我在Suse Enterprise Linux 11上的python 2.7.9上使用pandas 0.18。

我有一个包含多个表的文件:

TABLE_A
col1,col2,...,col8
...


TABLE_B
col1,col2,...,col7
...
表A约为7300行,表B约为100行。我首先通过文件来确定每个表的开始/结束位置。然后,我在pandas w / skiprows中使用read_csv(),nrows选项将相应的表读入内存。我使用引擎=' c'。

我在使用 engine =' c' 时看到了奇怪的行为。我能够毫无问题地阅读TABLE_A的前4552行。
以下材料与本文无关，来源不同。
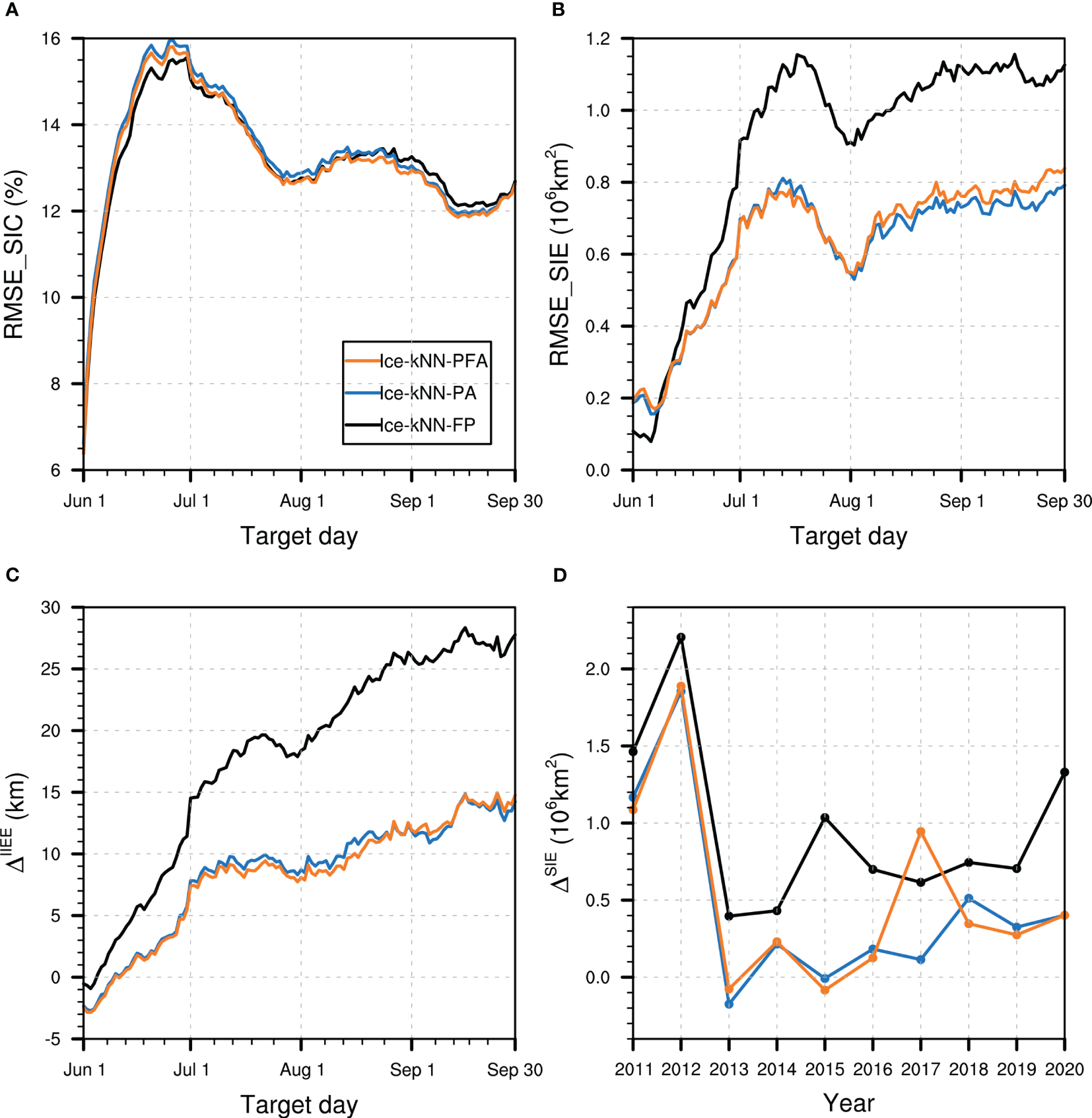 Hindcast skill comparison between Ice-kNN-FP (black), Ice-kNN-PA (blue), and Ice-kNN-PFA (orange) measured by (A) spatial averaged RMSE_SIC, (B) RMSE_SIE, (C) ΔIIEE, and (D) ΔSIE.

但如果我尝试读取4553行,我会收到错误:

>>> df = pd.read_csv(f,engine='c',skiprows=1,nrows=4552)
>>> df.shape
(4552, 7)

>>> df = pd.read_csv(f,engine='c',skiprows=1,nrows=4553)
Traceback (most recent call last):
  File "<stdin>", line 1, in <module>
  File "/python_pkgs/lib/python2.7/site-packages/pandas-0.18.0-py2.7-linux-x86_64.egg/pandas/io/parsers.py", line 529, in parser_f
    return _read(filepath_or_buffer, kwds)
  File "/python_pkgs/lib/python2.7/site-packages/pandas-0.18.0-py2.7-linux-x86_64.egg/pandas/io/parsers.py", line 301, in _read
    return parser.read(nrows)
  File "/python_pkgs/lib/python2.7/site-packages/pandas-0.18.0-py2.7-linux-x86_64.egg/pandas/io/parsers.py", line 763, in read
    ret = self._engine.read(nrows)
  File "/python_pkgs/lib/python2.7/site-packages/pandas-0.18.0-py2.7-linux-x86_64.egg/pandas/io/parsers.py", line 1213, in read
    data = self._reader.read(nrows)
  File "pandas/parser.pyx", line 766, in pandas.parser.TextReader.read (pandas/parser.c:7988)
  File "pandas/parser.pyx", line 800, in pandas.parser.TextReader._read_low_memory (pandas/parser.c:8444)
  File "pandas/parser.pyx", line 842, in pandas.parser.TextReader._read_rows (pandas/parser.c:8970)
  File "pandas/parser.pyx", line 829, in pandas.parser.TextReader._tokenize_rows (pandas/parser.c:8838)
  File "pandas/parser.pyx", line 1833, in pandas.parser.raise_parser_error (pandas/parser.c:22649)
pandas.parser.CParserError: Error tokenizing data. C error: Expected 7 fields in line 7421, saw 8

从错误消息看,C解析器似乎继续读取超过指定行的方式,并且遇到了TABLE_B,它只有7列(TABLE_A有8列)。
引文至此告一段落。